First, the occurrence object must contain decimal longitude and
latitude. In practice it will often be a getGBIF object
returned by get_gbif(), but a regular
data.frame is also valid.
Second, custom ecoregions created with make_ecoreg() can
be passed directly into get_range(). This is useful for
regional studies where global ecoregions are too coarse.
Third, get_range() returns a getRange
object. The spatial output is stored in
range_obj$rangeOutput, while the original inputs are kept
in range_obj$init.args.
Packaged versus custom ecoregions
Large-scale analyses usually rely on one of the packaged ecoregion layers:
vapply(ecoreg_list, `[[`, character(1), "filename")
#> [1] "eco_terra" "eco_fresh" "eco_marine" "eco_hd_marine"The public pattern for a terrestrial analysis is:
eco_terra <- read_ecoreg("eco_terra")
obs_tiger <- get_gbif("Panthera tigris")
range_tiger <- get_range(
occ_coord = obs_tiger,
ecoreg = eco_terra,
ecoreg_name = "ECO_NAME"
)In contrast, regional analyses often benefit from custom ecoregions.

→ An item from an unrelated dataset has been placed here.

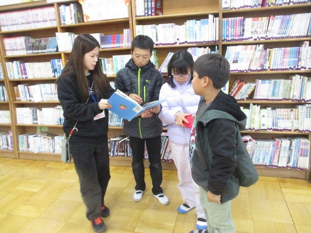 「読書タイムで、手洗いの大切さを絵本の読み聞かせで訴えます。保健部の人たちです。

The package ships with raster examples under inst/extdata,
including rst.tif, which can be used as a starting point
for a fine-grained environmental classification:
rst <- terra::rast(ext_file("rst.tif"))
my_eco <- make_ecoreg(env = rst, nclass = 200)
obs_arcto <- get_gbif("Arctostaphylos alpinus",my.eco)
range_regional <- get_range(
occ_coord = obs_regional,
ecoreg = my_eco,
ecoreg_name = "EcoRegion",
res = 0.05
)The key trade-off is ecological detail versus robustness to sampling density. Coarser ecoregions produce broader, smoother ranges. Finer ecoregions can better capture regional structure, but they also make the results more sensitive to local sampling gaps.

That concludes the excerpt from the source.